Announcements of genetic discoveries are hitting the headlines so quickly, one researcher says, that scientists are learning of genetic breakthroughs from the mass media rather than in scientific literature.
The discoveries are coming so fast, another scientist notes, that we're now reading about "the gene of the week" in the news.
However you hear it, reports that this or that gene has been located or reproduced in the laboratory reflect stunning accomplishments. Scientists doing gene research confront the following: the 46 human chromosomes inside every cell are believed to contain 50,000 to 100,000 genes. And a single gene can consist of millions of units, called bases.
So pinpointing the gene responsible for a particular illness is, researchers often say, like finding the proverbial needle in the proverbial haystack.
Dr. Irving Gottesman, professor of psychology at the University of Virginia at Charlottesville, is one of several scientists sifting through that haystack for the genetic roots of schizophrenia. What's the chance he'll find it?

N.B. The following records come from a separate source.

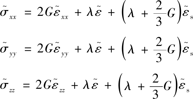 由于剪应力分量不受热收缩和基体收缩的影响,这3种正应力分量的应力应变关系为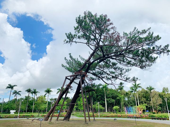 隨著時間流轉,其他幾棵琉球松陸續凋零,至今只剩下宮之森圓環的這棵了😇。因為這幾棵琉球松有著與眾不同的來歷,因此108年開館前,在館舍整建工程進行時,上一棵死亡的琉球松軀幹便被館方特意保存下來,以期日後可以找到延續其生命價值的方法。🌱✨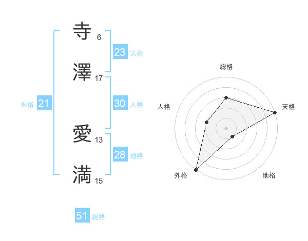 寺澤 愛満さんを姓名の画数から五運を鑑定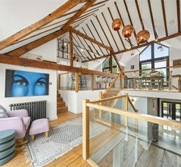 This unique and characterful four-bedroom barn style home on Walton Road offers a sophisticated "upside-down" living arrangement, thoughtfully designed to maximize natural light and capture elevated views. By placing the primary living and entertaining spaces on the first floor, the home takes full advantage of the building’s architectural height, often featuring striking vaulted ceilings and original exposed timber beams. The first floor serves as the social heart of the property, boasting expansive, open-plan reception rooms flooded with light, alongside a high-specification kitchen and dining area perfect for modern family life or hosting guests and a large terrace with steps down to the garden.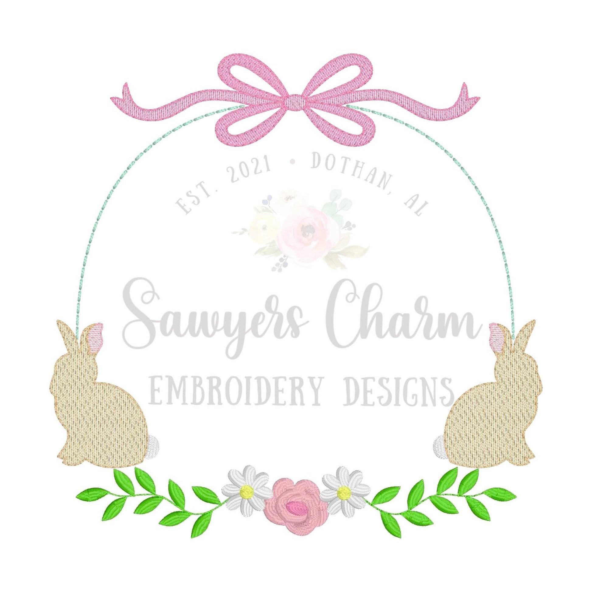 Floral bunny monogram frame with bow, satin stitch/sketch stitch machine embroidery design file, quick stitch, flowers, laurel swag, spring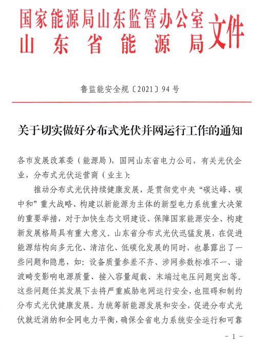 原標題:4月1日起執(zhí)行!國家能源局山東監(jiān)管辦公室關(guān)于切實做好分布式光伏并網(wǎng)運行工作的通知

"Like winning the Virginia lottery," he answers. "Not zero, but not real high either. But people keep buying lottery tickets, and somebody wins, even though the odds are against them."
But while headlines suggest that what's won is hope of quick mastery over genetic disease, scientists are generally more restrained about the immediate practical impact.

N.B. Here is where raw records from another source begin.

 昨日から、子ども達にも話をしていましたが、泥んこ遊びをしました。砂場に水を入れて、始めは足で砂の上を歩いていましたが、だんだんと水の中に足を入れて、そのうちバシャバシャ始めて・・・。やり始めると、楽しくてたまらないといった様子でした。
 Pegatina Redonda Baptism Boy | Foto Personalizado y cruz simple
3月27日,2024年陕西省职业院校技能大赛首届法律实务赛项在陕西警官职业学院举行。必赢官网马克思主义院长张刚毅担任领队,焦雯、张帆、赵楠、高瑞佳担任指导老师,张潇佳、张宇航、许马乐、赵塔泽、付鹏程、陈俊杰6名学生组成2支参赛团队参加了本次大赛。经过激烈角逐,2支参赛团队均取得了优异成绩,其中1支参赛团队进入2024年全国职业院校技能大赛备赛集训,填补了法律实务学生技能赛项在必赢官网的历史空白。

"This knowledge has the potential for many different kinds of uses and applications," says Dr. Scott Diehl, professor of genetics and psychiatry at the Medical College of Virginia in Richmond.
"But I think we have to be very cautious about promising too quick a return. Having the gene in hand gives a basic knowledge of the fundamental cause of disease, but it doesn't tell you how the gene works -- what it does or fails to do that causes the disease."
In fact, scientists do understand a little about how the genes work:
They direct the cells to produce particular proteins or components of proteins; and somehow they "know" when and where to do that. Although the genes in every cell of the body are the same, they don't all work in all cells.
In brain cells, only those involved in proteins appropriate to the brain are active; in eye or bone or skin or muscle cells, the same is true.
When scientists "find" a gene, what they've usually got are the parts that order up the proteins; they don't necessarily have the "regulatory sequences" that turn it on and off, explains Dr. Maimon Cohen, chief of the division of genetics at the University of Maryland Medical Center.
And while finding the gene is an important first step, the real key to mastery of genetic disease is finding and learning to manipulate the regulatory mechanism.
Think of the gene as a car, Dr. Cohen suggests. "You know the structure, you know what it looks like. But if you don't have the key to turn it on, that car isn't going to be any good to you. Operating the accelerator, the gears, the brakes -- that's the regulation. These other [regulatory] sequences determine the tissues the gene works in, the rate at which it works, all sorts of other things."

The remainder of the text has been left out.